Here are some of my favorite posts from Janet, that recently came across my feed. I hope you enjoy them and realize that as a parent and grandparent you have an awesome responsibility and a wonderful one as you involve yourself in caring for your babies.

“Take the mobile off the bed, take care of their needs, and leave them alone.” This odd sentence was my introduction to Magda Gerberand the child care philosophy that would become my passion. I had given birth a few months before reading this quotation, the only one by Gerber, in an article in L.A. Parent magazine about raising a creative child.

via Magda Gerber and the Creative Child | Janet Lansbury.

Babies and children are always fascinating and sometimes frustrating to me. As a former maternal child nurse, I feel privileged to have been one of the first people to have held some newborns. I always felt that the birth of another little being was a blessing and a miracle. I think I always knew that something special had just happened when a baby was delivered.

GENERATIONS of psychologists and philosophers have believed that babies and young children were basically defective adults — irrational, egocentric and unable to think logically. The philosopher John Locke saw a baby’s mind as a blank slate, and the psychologist William James thought they lived in a “blooming, buzzing confusion.” Even today, a cursory look at babies and young children leads many to conclude that there is not much going on.
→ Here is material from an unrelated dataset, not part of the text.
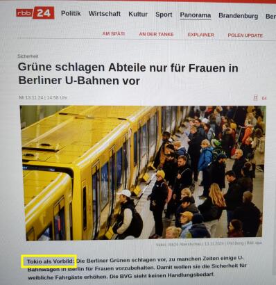 Medien berichten über einen Vorschlag der Grünen, U-Bahnwagen nur für Frauen einzuführen. Staatlich gefördert durch Parteienfinanzierung. | |

New studies, however, demonstrate that babies and very young children know, observe, explore, imagine and learn more than we would ever have thought possible. In some ways, they are smarter than adults.

via Op-Ed Contributor – Your Baby Is Smarter Than You Think – NYTimes.com.

 

Temper tantrums can be very perplexing to parents. This anecdote might help explain how RIE understands the mechanisms of toddler tantrums.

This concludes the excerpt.